Find a non injective function between a set of integers and itself Say we have a set of integers:
$ A = \left\{1,2,6,8\right\}$ is there any way to find a non-injective function that when fed any of the numbers in $A$ gives another number in $A$ (Basically a non-injective surjection between $A$ and itself)
EDIT: To clarify, set $A$ is an example. I want to know a general algorithm for determining a function to do this with any set.
 A: If $A$ is finite, you cannot do this. The reason is that if $A$ is a finite set, then $f\colon A\to A$ is injective if and only if it is surjective if and only if it is bijective.
If you just look for a non-injective function without fixed points (namely, it never satisfies $f(x)=x$), you can do it granted $A$ has at least two elements.
Pick $a,b\in A$ and define $f(x)=\begin{cases} a & x\neq a\\ b & x=a\end{cases}$.
A: Let's forget "injective" and "surjective" for a moment.

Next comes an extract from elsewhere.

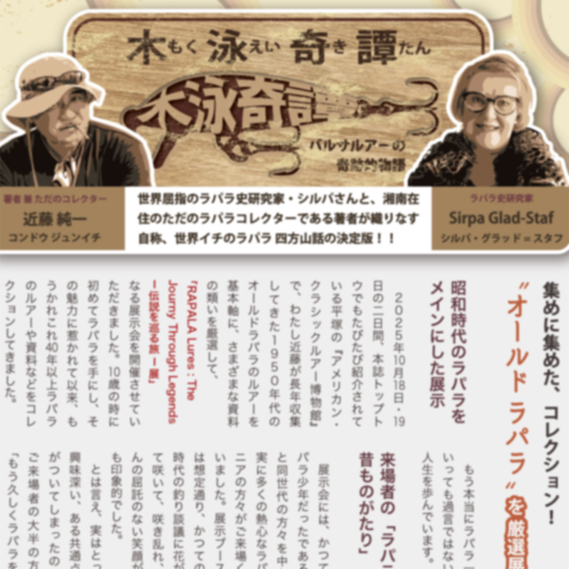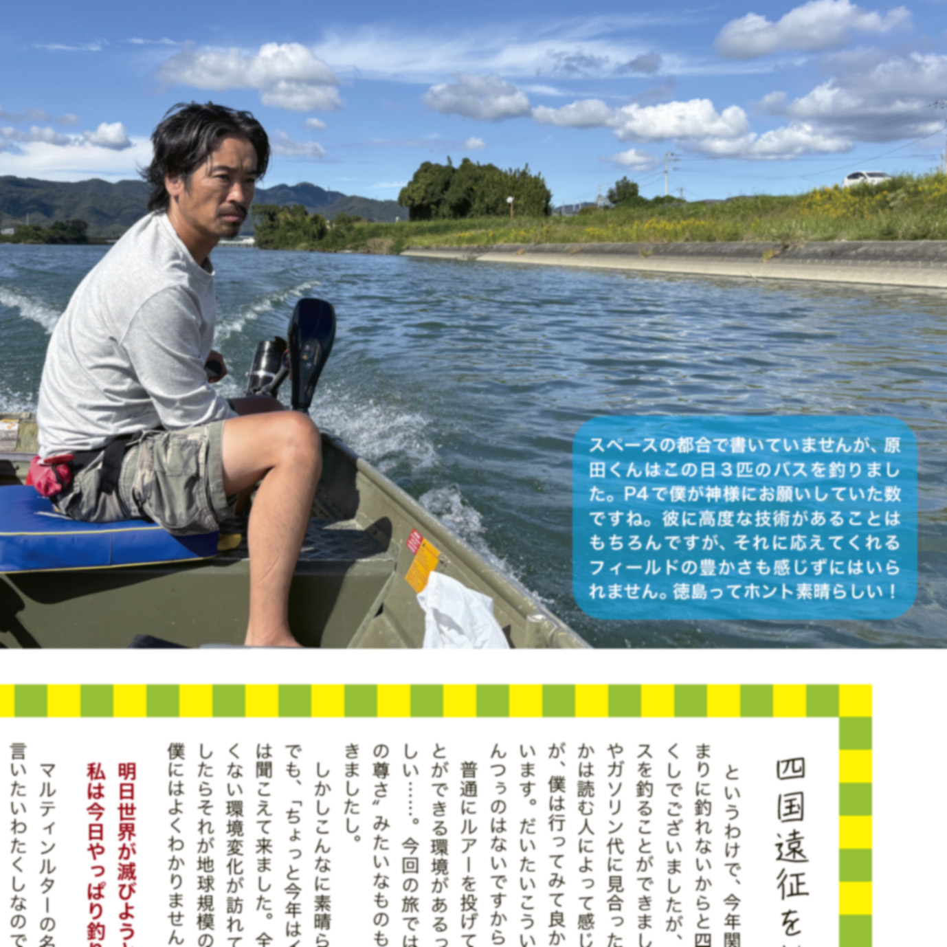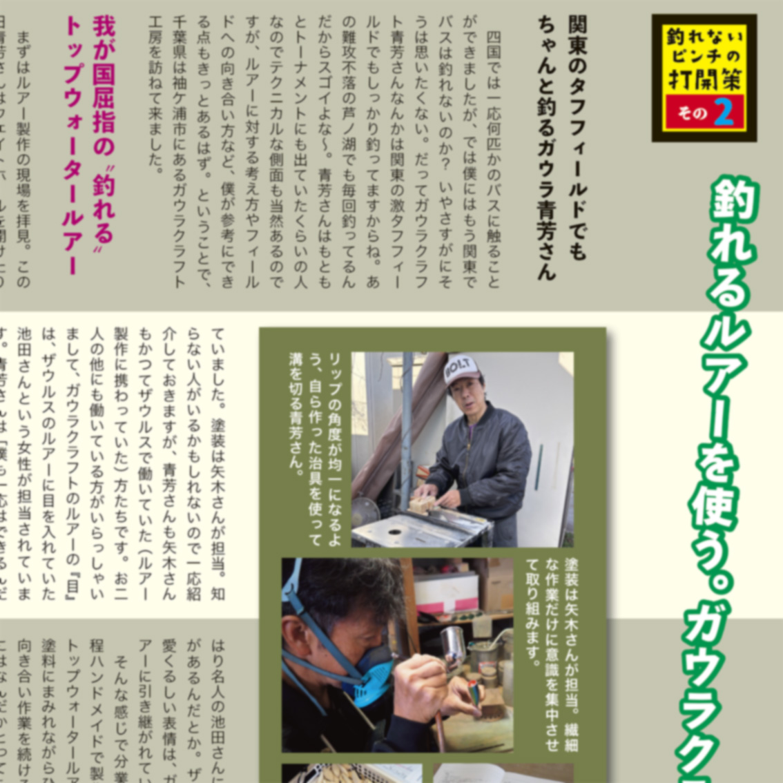 ピンチ。バスが釣れませんの。⇒釣れないなら釣れそうなところに行ってみる〈四国の釣り人・釣り場レポート〉⇒釣れるルアーを使う。ガウラクラフトという選択肢 など/毎年恒例のワーゲンイベント/ラパラコレクター近藤純一さんの新連載『木泳奇譚』/道具愛『J,A, COXE Model.15』/現代ルアーThinking『徳島で活動するルアービルダーたち』/ガウラクラフト青芳さん『耳を澄まして自然の声を聞いてみよう』/イレクターズビンテージギアガイド『イレクターズキャンプ』/津波ルアーズ元木さん『プラッガーズ・アングル』/SpincastReels『トゥルーテンパーUNI-SPIN 63SL』/箱道『ズイール・アマゾン・ウエストボックス』/ギタリスト和泉聡志さん『プレイギター・オア・ダイ! ゴーフィッシング・オア・ダイ!』/釣りの帰りの寄り道グルメ/バスポンド、河口湖にお引っ越し!/TOMOTUNE『アベイルのパーツのみで組み上げたアベイル2501C』/COMMONOS『大人の本気チャビング』『大人の本気ガサガサ』/マニアのお宅を拝見!/アイデアは愛である/第57回霞ヶ浦クリーン作戦 53pic-up/ムチョウワークス関さんのルアー製作講座『全部もってけ!』/八百板浩司さんの画集出版記念個展レポート/党首のひとりごと/党員名簿 ほか

It sounds as if the thing you want might be this:
(a) for every $a \in A$, we have $f(a) \ne a$, and 
(b) for every $a \in A$, there's some element $p$ with $f(p) = a$.
The second of these is called "surjectivity," but the first is not called "non injectivity" --- I'm not sure that it has a name. 
In general, the answer is "yes" (except in one special case). One solution breaks into five cases:


*

*$A$ is empty. The vacuous function satisfies both conditions. 

*$A$ has one element: then there's only one function from $A$ to $A$, and it satisfies condition (b), but not condition (a). 

*$A$ is finite, nonempty Then number the elements in increasing order, so that
$$
a_1 < a_2 < a_3 < \ldots < a_k
$$
for some $k \ge 2$. Define $f(a_1) = a_2, f(a_2) = a_3, \ldots, f(a_{k-1}) = a_k$, and $f(a_k) = a_1$. 

*$A$ is infinite, but bounded below (i.e., it has a least element). Again, place the elements in increasing order, and define
$$
f(a_1) = a_2, f(a_2) = a_1 \\
f(a_3) = a_4, f(a_4) = a_3 \\
...
$$
and so on.  The case where $A$ is infinite but  bounded above is similar. 

*$A$ is infinite, but neither bounded below nor above. Again, the elements of $A$ can be ordered by "less than"; define $f$ to send each element $a\in A$ to the next higher element of $A$ (much as in case 3, but without the "wrap around" for the "last" element)).